But if its nostalgia for the colonial power, in it also lies a strange kind of subservience, and an unwillingness to see national problems in a global perspective. Is the cohabitation crisis to blame for the fact that there is a general canonization of somebody called Chris Patten? It would have happened on the best of days. But its galling when "everything goes'' as far as thrashing our own national leaders is concerned -- while there is a general genuflection towards the alien and the intruder.

If the aliens are about to take control of our water resources, that doesn't qualify as something that should invite national disgust. Now, no doubt local politicians may have asked for it -- but does that mean that there is some way in which the national psyche can blot out the alien, while excoriating the local?

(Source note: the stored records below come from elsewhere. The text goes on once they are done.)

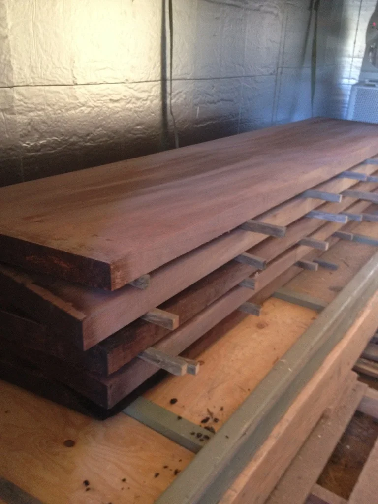 August 29, 2013 Sequoia Redwood August 29, 2013/ Ben Riddering 2 x 18 sequoia redwood slabs into the dehumidifier kiln today. I'm drying these for a buddy. They are over 50% mc right now.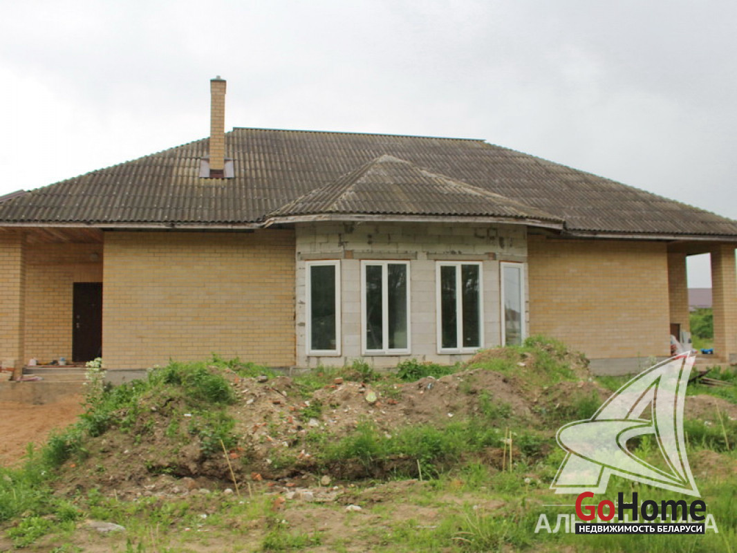 Стены: материал - газосиликатный блок; отделка фасада - силикатный кирпич. Кровля: шифер. Фундамент: ленточный монолитный; материал - бетон.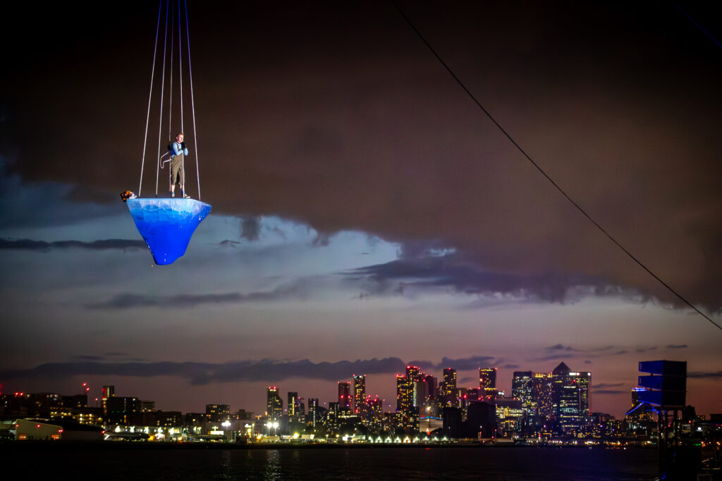 Performers performed for 8 hours on a 2.7 tonne melting ice sculpture which was hoisted at times 20 meters in the air to a score by the Alaskan composer Matthew Burtner. Thaw addresses humankind’s impact on the planet. The performance was part of the Greenwich and Docklands International Festival (GDIF) which is on from 23 August - 8th September. Photographer: Abdullah Bailey

Probably, this sort of behavior never came into focus before more than in the Patten visit. When Patten got here, it appeared as if there was an attempt to portray him as a deity, just because there were some others burning his effigy. Burning an effigy is a common form of protest -- but isn't the hagiography of a man who at best has been inept in choosing to coincide his visit with the Birthday of a leader of an organization banned in his own land -- repeat in his own land - in the national newspapers a bit much? One is expectable, if not acceptable. The other is totally unacceptable, but is now in this country coming to be the sort of cloying behavior towards foreign potentates and foreign influences that is coming to be expected.